All I'm trying to do right now is verify this has been changed.
Cindy, it is not too hard to find out :)
gpresult can show you what policy has applied and if there are competing policies, which one has won.
use the command
gpresult /h %temp%\result1.html
Afterwards, upload %temp%\result1.html and we can look at it together.
cindyfillerDirector of ITAuthor Commented:
I thought I had submitted the file yesterday, but I don't see it.  Maybe I'm blind, but I'm still not seeing that setting...
The result file shows that user you used to start gpresult does not receive ANY policies. So retry with a user that does. Or is maybe the user config section of the GPO simply set to disabled?
cindyfillerDirector of ITAuthor Commented:
That's why I'm so confused.  If I go to my default domain policy and show all settings it displays as enabled and the screen saver is set to 900 seconds.  I've attached a copy - couldn't get the report to print expanded from group policy management so did a print key.  And all users are in the OU that is linked to this default policy.

One way around this would be to go back to that old policy that I disabled and change that value, but I'd really like to understand why this isn't working.
OK. Rightclick DefDomPol and select "properties" and then navigate to the security tab. Make sure that the group "authenticated users" has the permission to read and to apply that policy.
cindyfillerDirector of ITAuthor Commented:
I've replied several times and the comments seem to disappear.  Hope this time it sticks.

I did check the security tab and authenticated users had the right to read and update the policy.  I added write even though it shouldn't be necessary.  
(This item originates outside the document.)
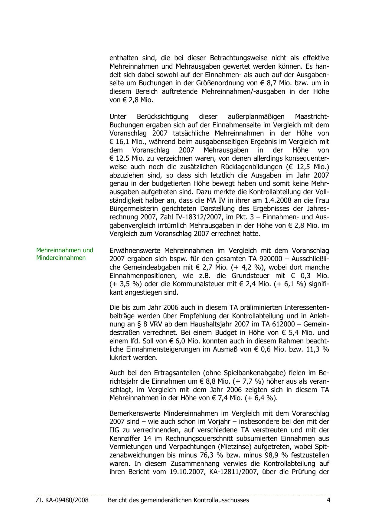 Bürgermeisterin gerichteten Darstellung des Ergebnisses der Jahresrechnung 2007, Zahl IV-18312/2007, im Pkt. 3 – Einnahmen- und Ausgabenvergleich irrtümlich Mehrausgaben in der Höhe von € 2,8 Mio. im

I had disabled the other policy that was originally giving me the wrong value, so tried to re-enable that.  I did it this morning and that one is still not showing up either - whether I do the rsop or the gpresult.  I've been testing it all afternoon and so far I get nothing for users config.
"authenticated users had the right to read and update the policy" - wait, "update"? You mean "apply"?
"I added write even though it shouldn't be necessary" - oh no, undo that at once, it is terribly dangerous to enable users to write to policies, your whole domain could get owned.
cindyfillerDirector of ITAuthor Commented:
Yes - apply the policy.  And I did remove the write...  Still can't figure out why nothing is showing in the user config.
It would stay empty if that user is either a local user or access to the policy folder is denied. Test to access that policy files manually with that very user.
cindyfillerDirector of ITAuthor Commented:
This morning, the user config is working.  The enable screen saver is coming from the default domain while the actual timeout value is coming from that old policy.  I still don't understand why the default domain timeout value never worked, but something is working and I'm good with that.  

I've learned a lot and thank you again for your assistance.  It was very, very appreciated and I'm sure more time consuming than you ever thought.